One-way ANOVA Table:
Source of Variation Sum of Squares df Empirical Var
*********************************************************
Between Groups 944.4969 1 944.4969
Within Groups 0.0000 159 0.0000
---------------------------------------------------------
Total 944.4969 160
Test Statistic f Inf
p-value 0.0000
ans = 0
At least you get the desired result (pval==0), while I get the opposite...
I have looked into the source code, which states the following:
total_mean = mean (y(:));
SSB = sum (group_count .* (group_mean - total_mean) .^ 2);
SST = sumsq (reshape (y, n, 1) - total_mean);
SSW = SST - SSB;
df_b = k - 1;
df_w = n - k;
v_b = SSB / df_b;
v_w = SSW / df_w;
f = v_b / v_w;
pval = 1 - fcdf (f, df_b, df_w);
Now the place where the problematic division takes place is
f = v_b / v_w
which is variance_between by variance_within.
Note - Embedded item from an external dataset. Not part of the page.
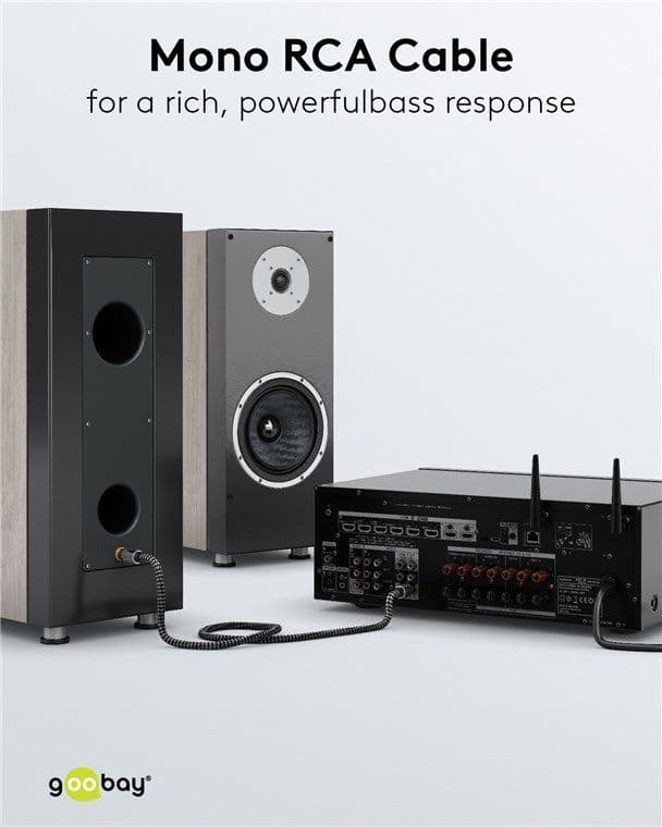 This single 3m RCA Lead for subwoofer connectivity is a premium type cable specially tailored for the low frequency signals of subwoofers, It provides a rich and powerful bass and an impressive music and movie experience, It's a mono RCA cable and can be used to connect TV's, home cinema systems subwoofers, receivers etc. The cable is designed for frequencies up to 100Hz, It has slim metal plugs with bend protection and a braided textile outer jacket.

This is the right thing
to do according to Wikipedia, but of course variance_within can quite
possibly be 0.
Now from my statistical intution the following results are expected:
v_b != 0 && v_w == 0 -> pval = 1
v_b == 0 && v_w == 0 -> pval = 0
But I am no expert on this... also I don't know what to do if v_w is
really close to 0 but not 0.
Does anyone know more?
octave:5> version
ans = 3.6.1
I updated to 3.6.1 as well, no change.
Best,
Hannes